Items listed in a dataset:
########################################

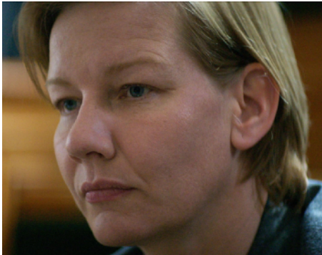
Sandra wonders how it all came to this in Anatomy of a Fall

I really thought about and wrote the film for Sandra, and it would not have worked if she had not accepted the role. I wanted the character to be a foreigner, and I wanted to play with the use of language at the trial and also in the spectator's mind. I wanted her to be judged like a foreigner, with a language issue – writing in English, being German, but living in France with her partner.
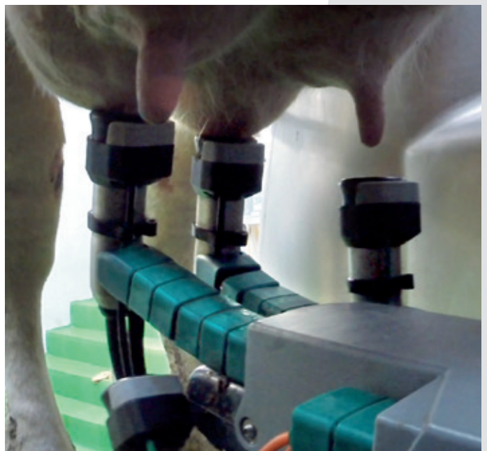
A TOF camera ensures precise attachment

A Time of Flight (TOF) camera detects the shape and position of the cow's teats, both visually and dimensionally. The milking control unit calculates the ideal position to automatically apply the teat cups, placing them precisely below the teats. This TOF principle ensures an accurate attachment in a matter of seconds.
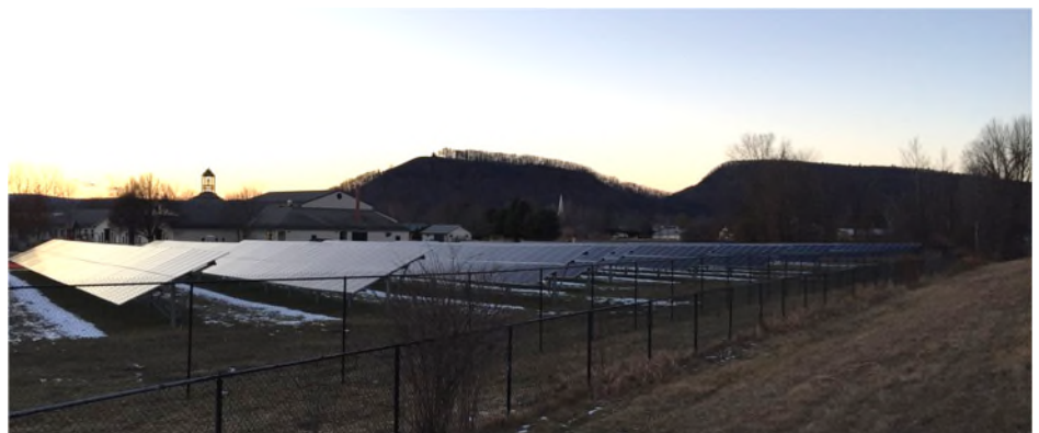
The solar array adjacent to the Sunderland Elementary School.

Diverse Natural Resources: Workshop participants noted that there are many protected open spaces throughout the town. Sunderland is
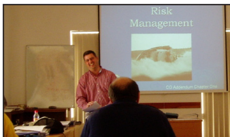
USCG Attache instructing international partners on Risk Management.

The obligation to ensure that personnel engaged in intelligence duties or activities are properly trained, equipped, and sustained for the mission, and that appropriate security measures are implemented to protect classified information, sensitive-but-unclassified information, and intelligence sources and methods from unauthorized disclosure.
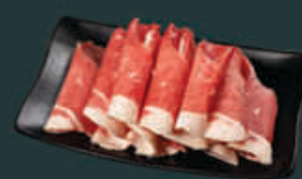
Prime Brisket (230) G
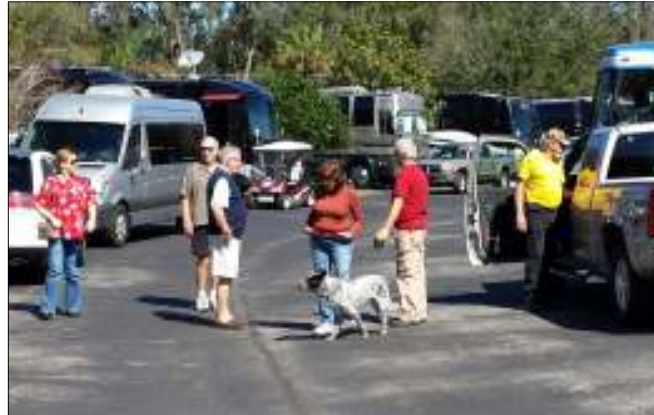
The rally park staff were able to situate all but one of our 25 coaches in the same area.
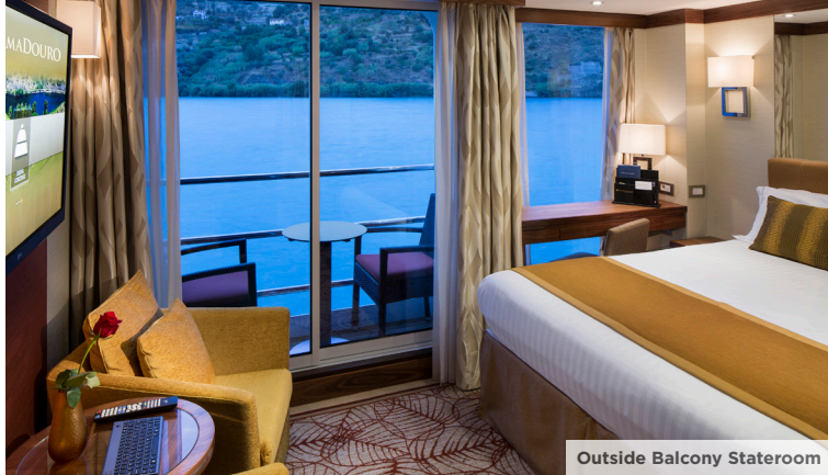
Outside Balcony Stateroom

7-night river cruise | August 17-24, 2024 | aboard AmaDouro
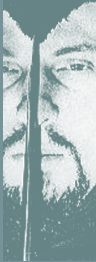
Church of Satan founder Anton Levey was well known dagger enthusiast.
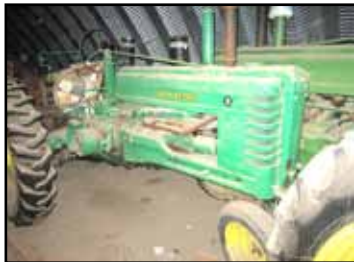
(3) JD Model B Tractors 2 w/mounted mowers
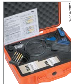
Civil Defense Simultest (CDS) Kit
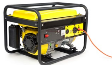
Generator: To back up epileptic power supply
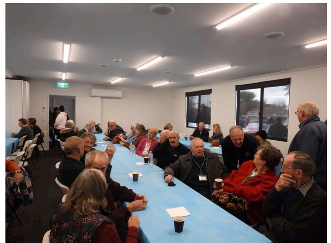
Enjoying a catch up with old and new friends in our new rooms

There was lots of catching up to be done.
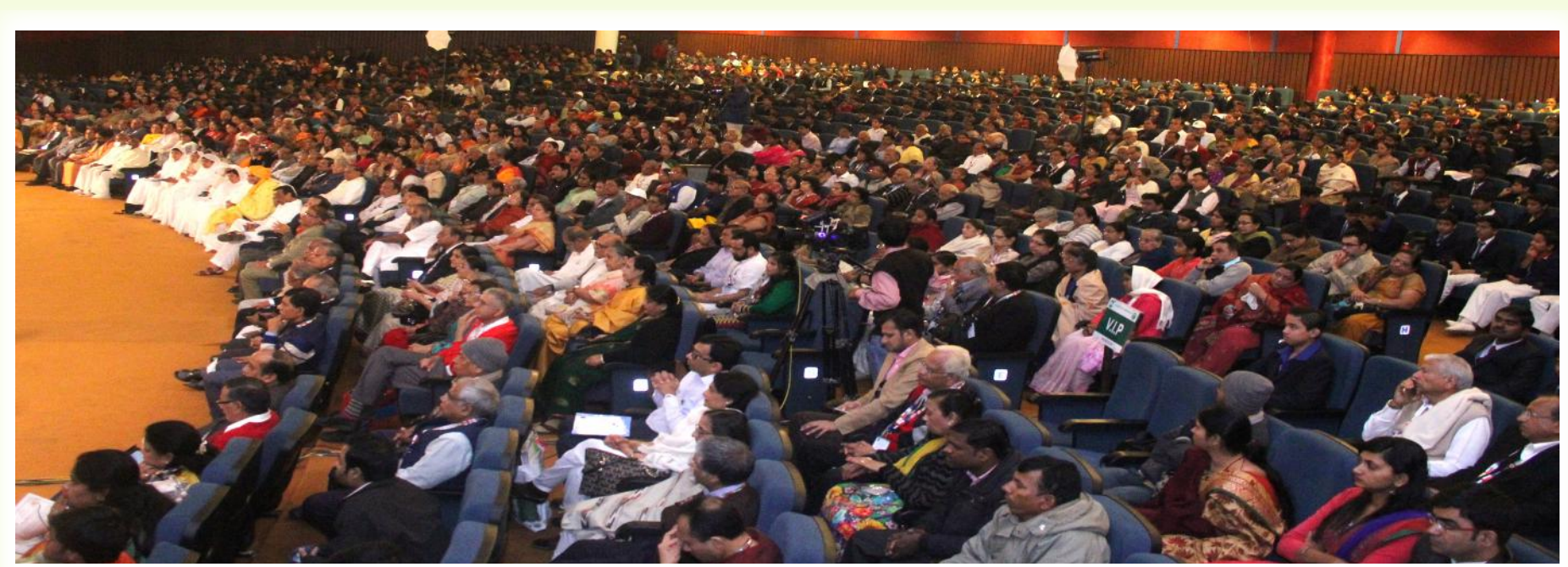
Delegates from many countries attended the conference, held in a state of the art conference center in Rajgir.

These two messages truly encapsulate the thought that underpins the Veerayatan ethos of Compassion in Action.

########################################

### What is being asked
What is needed is an exact output of the records above, with every picture left out.

### Solved problem
Sandra wonders how it all came to this in Anatomy of a Fall

I really thought about and wrote the film for Sandra, and it would not have worked if she had not accepted the role. I wanted the character to be a foreigner, and I wanted to play with the use of language at the trial and also in the spectator's mind. I wanted her to be judged like a foreigner, with a language issue – writing in English, being German, but living in France with her partner.
A TOF camera ensures precise attachment

A Time of Flight (TOF) camera detects the shape and position of the cow's teats, both visually and dimensionally. The milking control unit calculates the ideal position to automatically apply the teat cups, placing them precisely below the teats. This TOF principle ensures an accurate attachment in a matter of seconds.
The solar array adjacent to the Sunderland Elementary School.

Diverse Natural Resources: Workshop participants noted that there are many protected open spaces throughout the town. Sunderland is
USCG Attache instructing international partners on Risk Management.

The obligation to ensure that personnel engaged in intelligence duties or activities are properly trained, equipped, and sustained for the mission, and that appropriate security measures are implemented to protect classified information, sensitive-but-unclassified information, and intelligence sources and methods from unauthorized disclosure.
Prime Brisket (230) G
The rally park staff were able to situate all but one of our 25 coaches in the same area.
Outside Balcony Stateroom

7-night river cruise | August 17-24, 2024 | aboard AmaDouro
Church of Satan founder Anton Levey was well known dagger enthusiast.
(3) JD Model B Tractors 2 w/mounted mowers
Civil Defense Simultest (CDS) Kit
Generator: To back up epileptic power supply
Enjoying a catch up with old and new friends in our new rooms

There was lots of catching up to be done.
Delegates from many countries attended the conference, held in a state of the art conference center in Rajgir.

These two messages truly encapsulate the thought that underpins the Veerayatan ethos of Compassion in Action.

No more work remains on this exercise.